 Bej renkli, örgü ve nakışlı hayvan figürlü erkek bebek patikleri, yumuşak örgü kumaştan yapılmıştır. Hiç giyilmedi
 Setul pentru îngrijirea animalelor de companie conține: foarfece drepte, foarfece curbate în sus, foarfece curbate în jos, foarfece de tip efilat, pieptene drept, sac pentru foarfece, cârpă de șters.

--

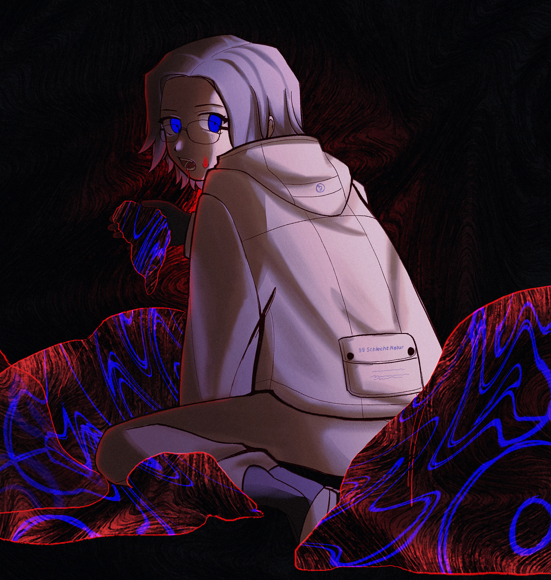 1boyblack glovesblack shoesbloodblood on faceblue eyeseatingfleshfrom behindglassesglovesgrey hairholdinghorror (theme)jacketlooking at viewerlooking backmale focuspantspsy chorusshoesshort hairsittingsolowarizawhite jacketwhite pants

--

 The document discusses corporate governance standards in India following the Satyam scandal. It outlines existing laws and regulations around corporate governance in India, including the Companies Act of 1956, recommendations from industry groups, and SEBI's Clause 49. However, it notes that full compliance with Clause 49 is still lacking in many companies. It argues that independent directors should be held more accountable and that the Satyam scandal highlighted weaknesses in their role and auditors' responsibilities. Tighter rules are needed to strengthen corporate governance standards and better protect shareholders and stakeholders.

--

Instructions for the task: The listing above holds a line with "Bej renkli, örgü" and a line with "Setul pentru îngrijirea". Print the stretch from the first through the second, exactly and alone.

Answer to this exercise:
 Bej renkli, örgü ve nakışlı hayvan figürlü erkek bebek patikleri, yumuşak örgü kumaştan yapılmıştır. Hiç giyilmedi
 Setul pentru îngrijirea animalelor de companie conține: foarfece drepte, foarfece curbate în sus, foarfece curbate în jos, foarfece de tip efilat, pieptene drept, sac pentru foarfece, cârpă de șters.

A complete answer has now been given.